Welcome to the forum Monkeyboy! Sorry I can't offer advice on the Branson, but I did find this.... http://www.farmersequip.com/search-...-Washington-USA-2014-Branson-3520H-[1930400]/ If it impresses you more than John Deere or Kubota offerings, heck, I'd go for it then give us some pictures!


----------



## monkeyboy

I will be looking at a Mahindra later this week (3016 and a 3616) but I am reading alot of people that have build issues with these tractors. have they gotten too big too fast and are now sending them out the door to fast?


----------



## monkeyboy

Now I have it down to two tractors: kubota B2650 or a Branson 3520H. Like the MMM on the kubota and the smaller size and the location of the FEL joystick. The size would be nice on my lawn. But it doesn't lift enough for me to use rental stuff (48 tiller, Harley rake... I think) the branson is larger and more hp. I have a 200 foot gravel driveway to maintain snow removal and summer gravel repair. A pond to landscape around and mow by. 2 acres to mow and 2 acres to reclaim with septic mound system.


----------



## monkeyboy

bought the branson.


----------



## silverslim

Hi Monkeyboy. I bought a Branson 4520C this past summer. Have moved and spread 30+ tons of soil and plowed some snow this winter. It has been a joy to use so far. Dealer has been great. I paid $29K so your price seems to be inline. Good luck.


----------



## monkeyboy

thanks Silverslim!!!. How come you had to moved so much soil? I purchased an upgraded bucket with the purchase of the tractor. The bucket has 200 lb. more steel on it to beef it up a bit. I have moved 8 tons of +8 sized rocks and 8 tons of pea gravel for landscaping. I mostly use if for snow removal on my driveway now. before the frost moved into the ground, I purchased a 2 row cultivator and used it to dig up some areas instead of getting a disc. This little cultivator seams to tear up the ground pretty well. A disc would have done it faster but that doesn't give me enough seat time. in the spring I intend to level the area out all off with a 66" landspride box blade I picked up brand new from a dealer. Plus put in a garden. I love this tractor. works well for everything I have used it for, even used the bucket to put up Christmas lights, how nice that was to walk across a bucket instead of moving a ladder every two feet. I am at 48 hours of seat time on it so far.


----------



## silverslim

Hi Monkeyboy. I too have 48 hrs seat time! Just had a little leak that the dealer had to take care of under warranty (just a loose clamp) but had him do the first service while he had the machine. I moved all that dirt last summer when we had a slab put in for the barn we had built to store the tractor  It was done by the Amish from Lancaster PA. What a nice job they did! Now I'm just using it to move snow...got a backblade last week to help with that. The FEL really tears up the driveway (gravel) when it's not frozen. I got the 4520C so I would be warm while plowing this winter. I had a FarmTrac 39HST and almost froze to death last winter. I'm too old for that anymore. Now I plow in my shirtsleeves  It's -4 here this morning but no snow so no plowing. Enjoy your machine!


----------



## pblanton

I just bought a 2015 branson 3520H. I love the hydrostatic transmission, but I have property where the FEL is king. If you are plowing and planting and lots of continuous motion, I'd recommend you go with the shuttle shift. It's $1000 cheaper and has a lever that allows you to switch from forward to backward in the same gear with little concentration.
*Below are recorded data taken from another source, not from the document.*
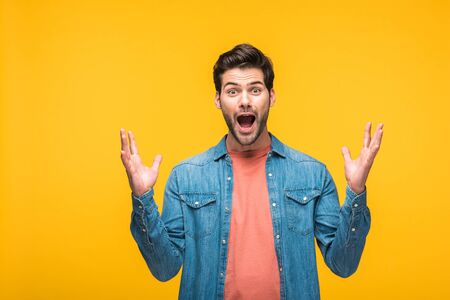 Excited handsome man gesturing with hands and looking at camera isolated on yellow background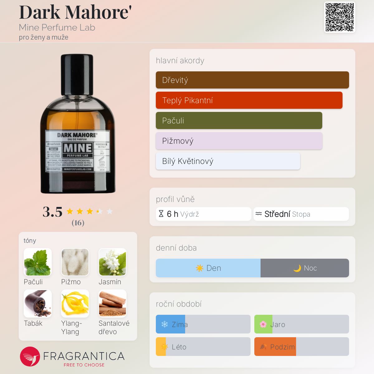 Dark Mahore' podle Mine Perfume Lab je vůně pro ženy a muže. Dark Mahore' byl/a uveden/a v roce 2019. Vrchní tóny jsou Černý pepř, Kardamom a Koření; střední tóny jsouJasmín a Ylang-Ylang ; základní tóny jsou Pačuli, Pižmo, Tabák a Santalové dřevo.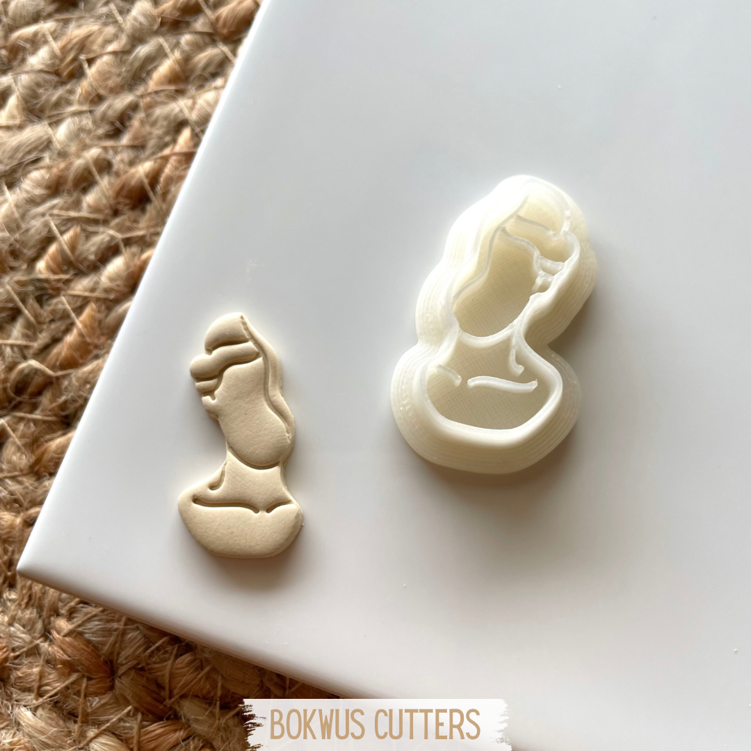 • Corta-biscoitos branco em forma de figura feminina sobre prato preto
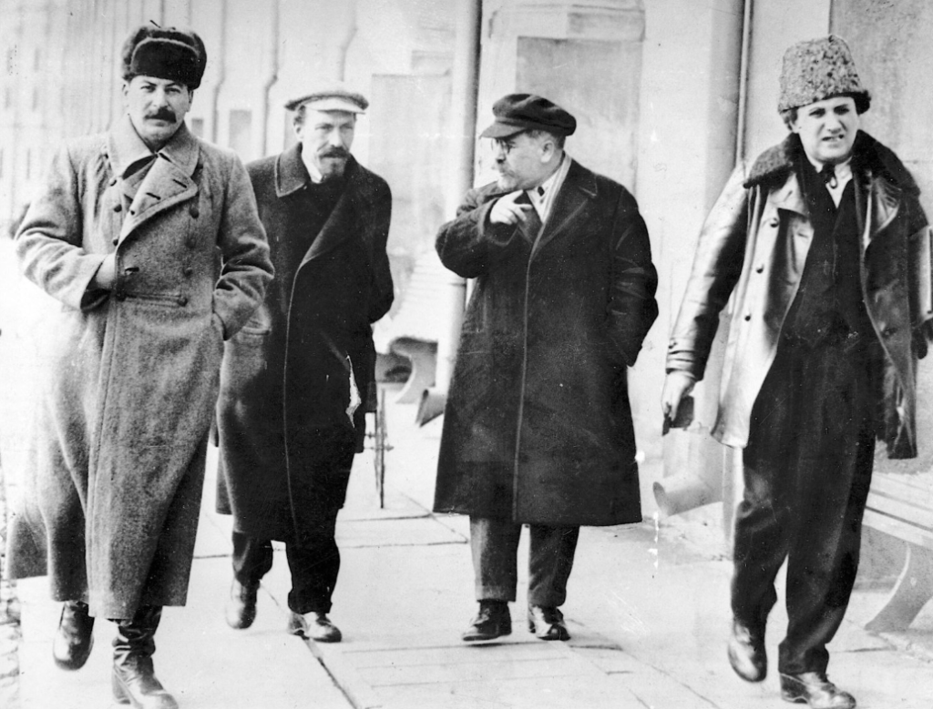 Soviet leadership in April 1925. On the photo taken in Kremlin: Joseph Stalin, General Secretary of the Communist Party. Alexei Rykov, Chairman of the Council of People’s Commissars (Prime Minister). Lev Kamenev, Deputy Chairman of the Council of People’s Commissars (Deputy Prime Minister). (Krasnay Niva issue 17 Apr 19 1925. Magazine published and edited by Anatoly Lunacharsky and Yuri Steklov. Author Nikolai Petrov (1875-1940)/Wikipedia Commons)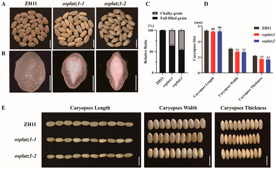 Phenotypic analyses of OsPLATZ1 knockout mutants. (A) Mature caryopses of ZH11, osplatz1-1, and osplatz1-2. Bars = 5 mm. (B) Surface views of cracked mature caryopses from ZH11, osplatz1-1, and osplatz1-2. Bars = 1 mm. (C) Chalky caryopses percentage of ZH11, osplatz1-1, and osplatz1-2 were quantified. n = 30, ** p < 0.01. (D) Statistical analysis of caryopses length, width, and thickness of ZH11, osplatz1-1, and osplatz1-2. n = 30, ** p < 0.01. ns, not significant. (E) Comparisons of 10-caryopses length, width, and thickness of ZH11, osplatz1-1, and osplatz1-2. Bars = 5 mm.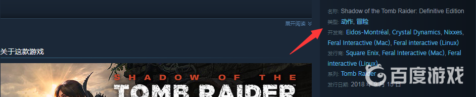 古墓麗影:暗影是一款動作冒險類遊戲。玩家在steam商城搜索該遊戲後點擊進入,可以在遊戲介紹界面看到這款遊戲類型,如下圖所示,該遊戲已於2018年9月14日發行上線。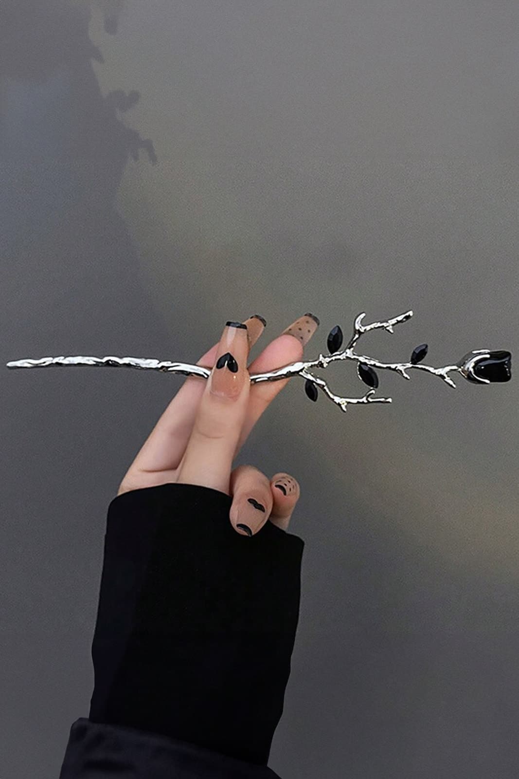 Okkulte, silberne Haarnadel aus Metall in Form einer Rose mit schwarzer Blüte aus Kunststoff und schwarzen Blättern.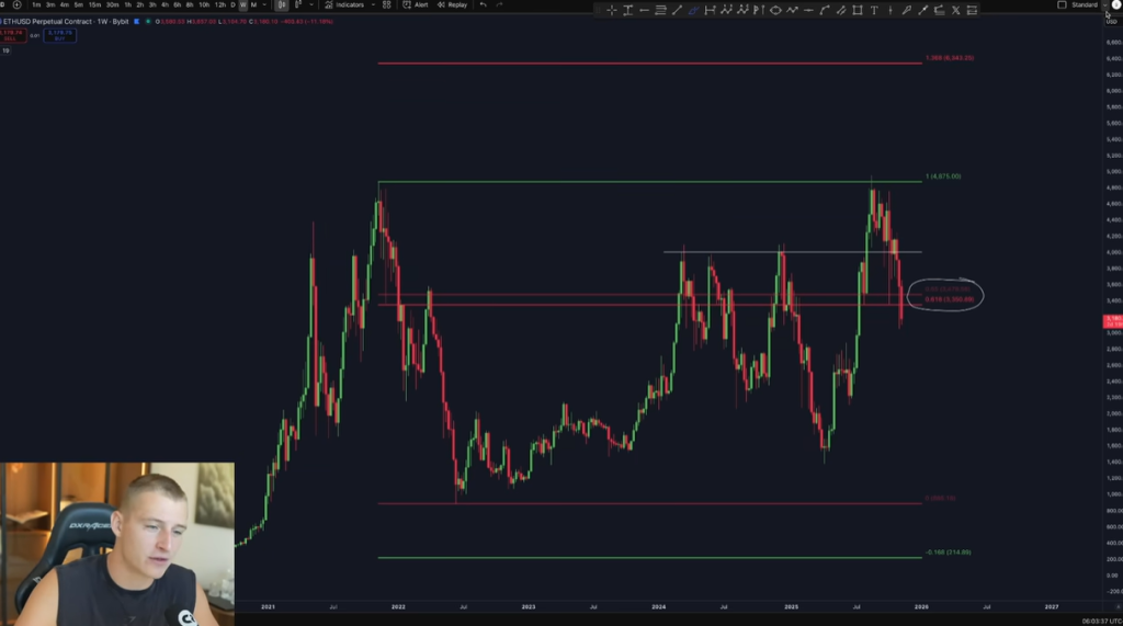Ethereum bleibt im Gleichschritt mit Bitcoin unter Druck. Der Chart testet die Zone um 3.000 US-Dollar, die in früheren Wochen mehrfach gedient hatte, um neue Bewegungen zu starten. Gleichzeitig notiert der Kurs unter dem goldenen Fibonacci Bereich, der lange als Akkumulationsfenster gegolten hatte.

The Hydrostatic was the choice for me... but I'd have been fine with the shuttle shift. Make your decision accordingly.


----------



## Grizzly

I bought the size just under the 3520....I got the 3120r at then end of Feb. It had 2 hours when I bought it, I am creeping it up to 15-16 by now. I have 0 complaints thus far, I can run all weekend on 1 tank of diesel. I've used it pulling a 16" bottom plow with no issue...It's got plenty of power for my 18 acres! 

We paid 21,500 for tractor, loader, LMC Box Blade, Auger, and trailer.


----------



## pblanton

Grizzly, That's great. The HST takes a few horsepower from your tractor to operate, so the 3120R with shuttle is probably a bit more powerful that the 3520H with Hydro.

I could have gone either way, but my Craftsman garden tractor has a 24 HP Kohler engine and HST and I have fallen in love with it. Additionally, my daughters are experienced with the HST on the Craftsman, so moving the real tractor will be easier on them... though they both can drive a stick shift fine, so the shuttle would have been fine for them too.


----------



## lakeman540

I just purchased the 3520H with loader and backhoe to do land work on 2 acres on my lake property, only have about 10 hours so far but really like the tractor.


----------



## bippenp

lakeman540 - Sounds like the same tractor and attachments that I'm looking at online. Do you mind letting me know where you bought it and what you paid?

Thanks,
Paul


----------



## monkeyboy

Past the 100 hour mark and performed the standard maintenance on my 3520h. So far I have a broken flasher light on the back because of a tree branch. That's all that is wrong with the tractor. The FEL come off pretty easy. And I love the two speed PTO option for mowing.


----------



## pblanton

monkeyboy said:


> Past the 100 hour mark and performed the standard maintenance on my 3520h. So far I have a broken flasher light on the back because of a tree branch. That's all that is wrong with the tractor. The FEL come off pretty easy. And I love the two speed PTO option for mowing.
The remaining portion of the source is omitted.